# Work order
Using the listing below, retype only the lines from the line with "Une de tendresse" through the end, both ends included, and exclude the pictures.

··· Records shown

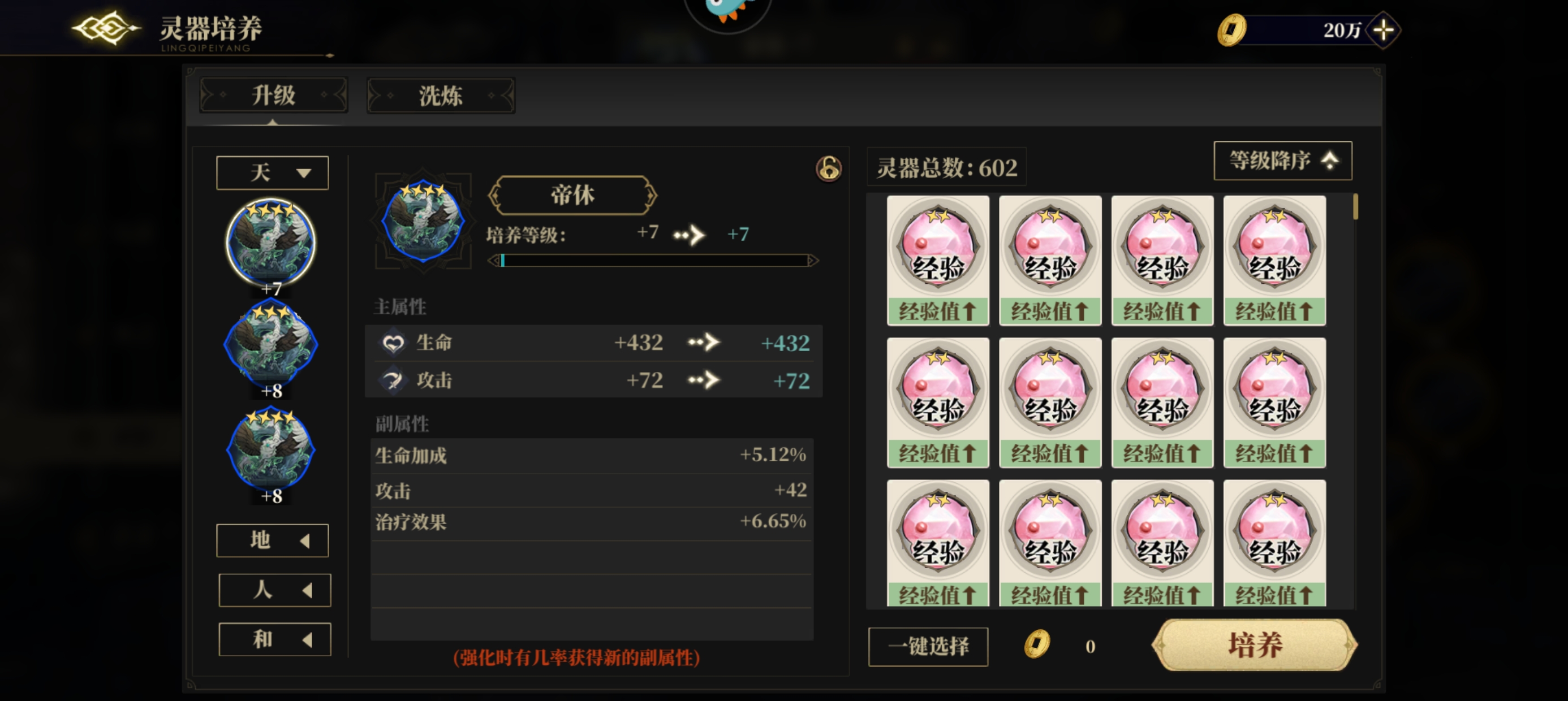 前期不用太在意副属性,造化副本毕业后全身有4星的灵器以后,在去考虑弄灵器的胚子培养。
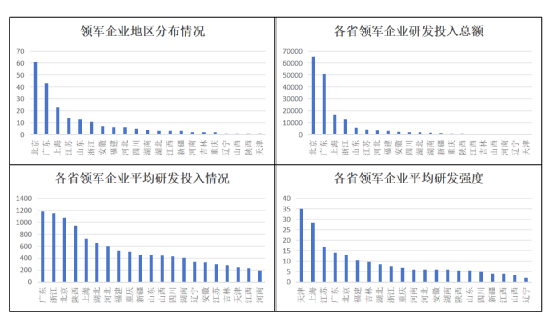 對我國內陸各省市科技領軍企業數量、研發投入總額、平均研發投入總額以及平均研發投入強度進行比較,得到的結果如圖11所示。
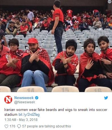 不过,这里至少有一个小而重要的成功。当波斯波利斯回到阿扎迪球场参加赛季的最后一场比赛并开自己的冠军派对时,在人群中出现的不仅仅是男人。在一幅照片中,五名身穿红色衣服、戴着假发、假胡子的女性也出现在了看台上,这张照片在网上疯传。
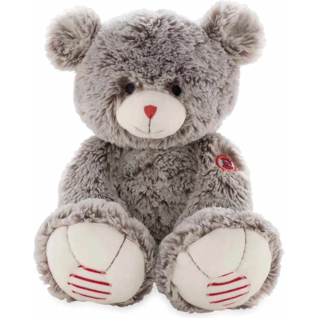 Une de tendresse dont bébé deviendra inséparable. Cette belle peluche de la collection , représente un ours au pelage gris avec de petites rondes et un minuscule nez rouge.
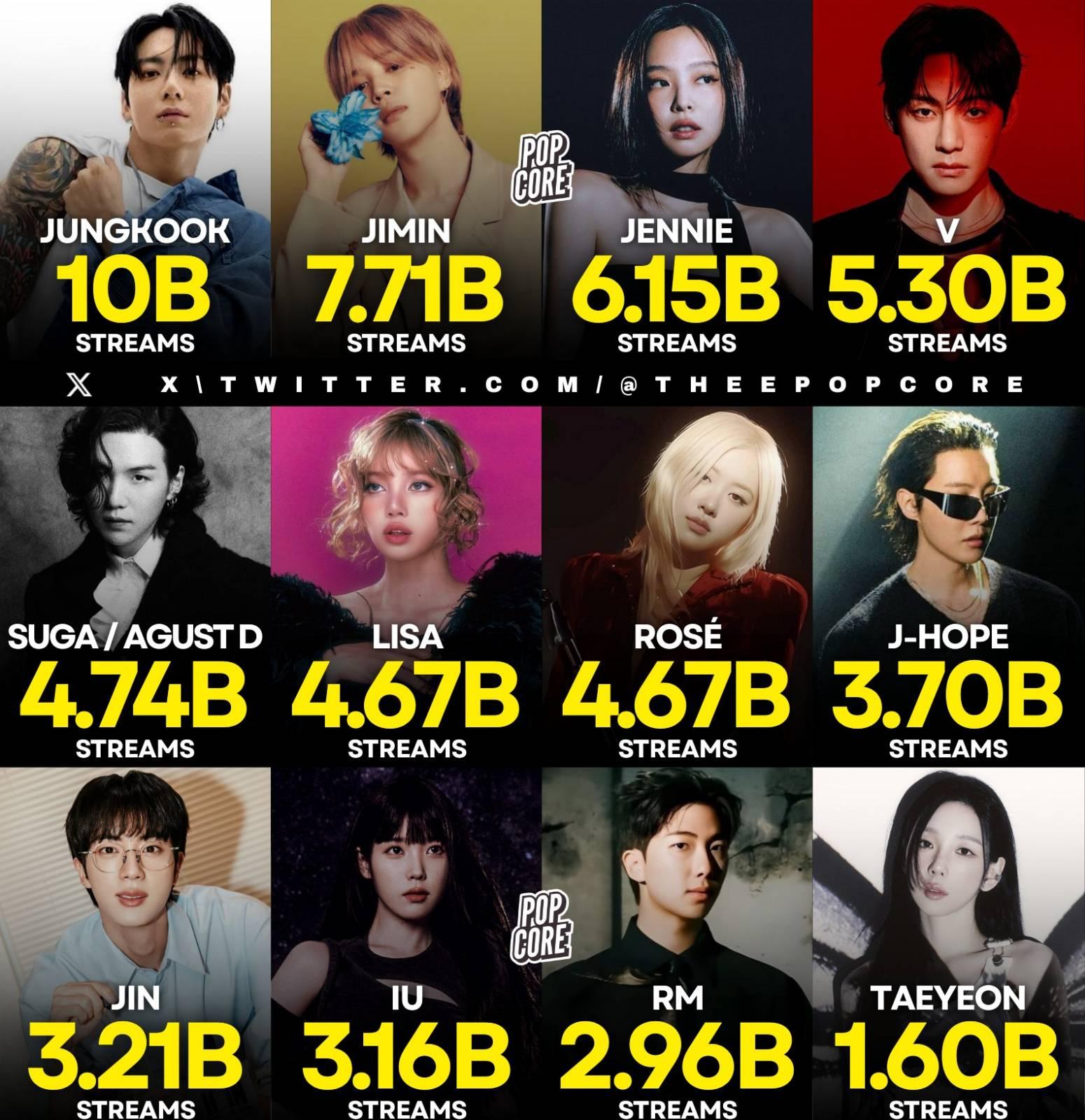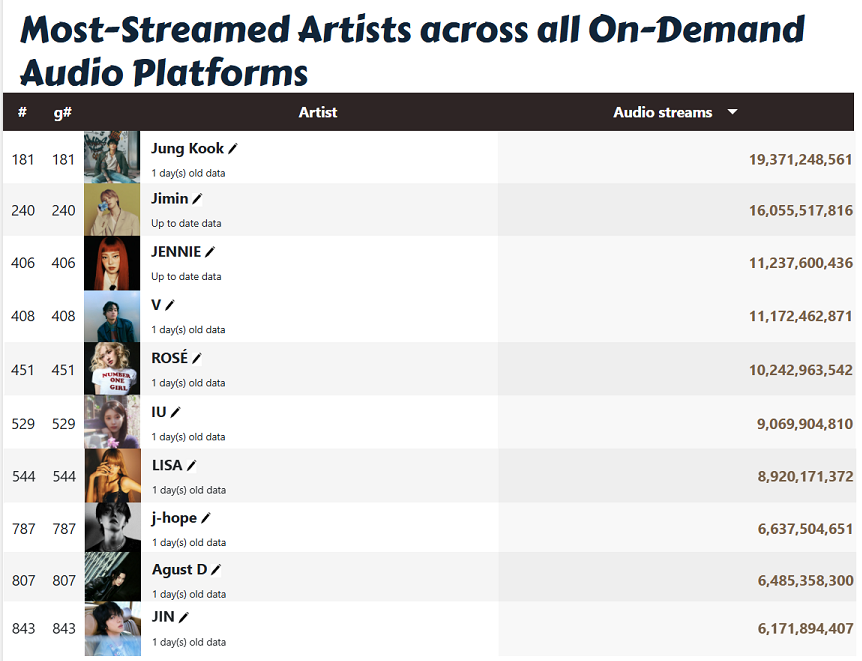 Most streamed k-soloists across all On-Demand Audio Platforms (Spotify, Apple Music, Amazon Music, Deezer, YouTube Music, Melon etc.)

······

# Result of the task
 Une de tendresse dont bébé deviendra inséparable. Cette belle peluche de la collection , représente un ours au pelage gris avec de petites rondes et un minuscule nez rouge.
 Most streamed k-soloists across all On-Demand Audio Platforms (Spotify, Apple Music, Amazon Music, Deezer, YouTube Music, Melon etc.)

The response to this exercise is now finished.